(ASSIGNMENT)
Return the data below unchanged. Drop any pictures.

[Records excerpted from a collection]
────────
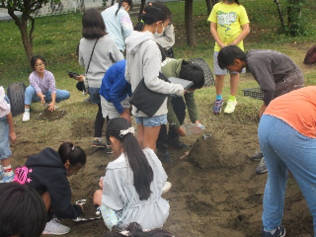 1組の1・2時間目の理科は、「流れる水と土地」の学習で、川の上流と下流の様子を、校庭の砂場で再現して観察しました。流れの違いについて、予想を立てた子供たちは、結果に驚きながらも、どうして違いが出るかについて、友達同士でしっかり振り返ることができていました。
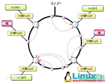 - 然后在将服务器的节点数通过 hash 函数(crc32())运算后,按照顺时针的方向映射到上面的圆环上
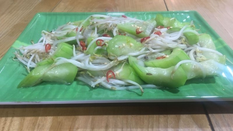 Sau khi sơ chế các nguyên liệu sạch sẽ thì đem xào với nhau cùng hành tím để làm dậy mùi hương hơn nữa. Thành phẩm nhận được sẽ là sự ngon ngọt từ mướp quyện với cái giòn đặc trưng của giá đỗ.
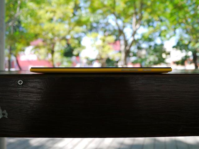 厚度蠻薄的,邊框有圓弧設計,最厚處7.9mm
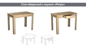 Обеденный стол с ящиком Ретро (Марибель) – товар доступен к покупке в интернет-магазине ryazanskiy-dommebeli.ru. Цена – 6 530 руб. без учета доставки. Стоимость дополнительных услуг и сроки получения мебели уточняйте у менеджера. Возможен безналичный расчет, оплата по карте на сайте.
────────
(ANSWER TO THIS PROBLEM)
 1組の1・2時間目の理科は、「流れる水と土地」の学習で、川の上流と下流の様子を、校庭の砂場で再現して観察しました。流れの違いについて、予想を立てた子供たちは、結果に驚きながらも、どうして違いが出るかについて、友達同士でしっかり振り返ることができていました。
 - 然后在将服务器的节点数通过 hash 函数(crc32())运算后,按照顺时针的方向映射到上面的圆环上
 Sau khi sơ chế các nguyên liệu sạch sẽ thì đem xào với nhau cùng hành tím để làm dậy mùi hương hơn nữa. Thành phẩm nhận được sẽ là sự ngon ngọt từ mướp quyện với cái giòn đặc trưng của giá đỗ.
 厚度蠻薄的,邊框有圓弧設計,最厚處7.9mm
 Обеденный стол с ящиком Ретро (Марибель) – товар доступен к покупке в интернет-магазине ryazanskiy-dommebeli.ru. Цена – 6 530 руб. без учета доставки. Стоимость дополнительных услуг и сроки получения мебели уточняйте у менеджера. Возможен безналичный расчет, оплата по карте на сайте.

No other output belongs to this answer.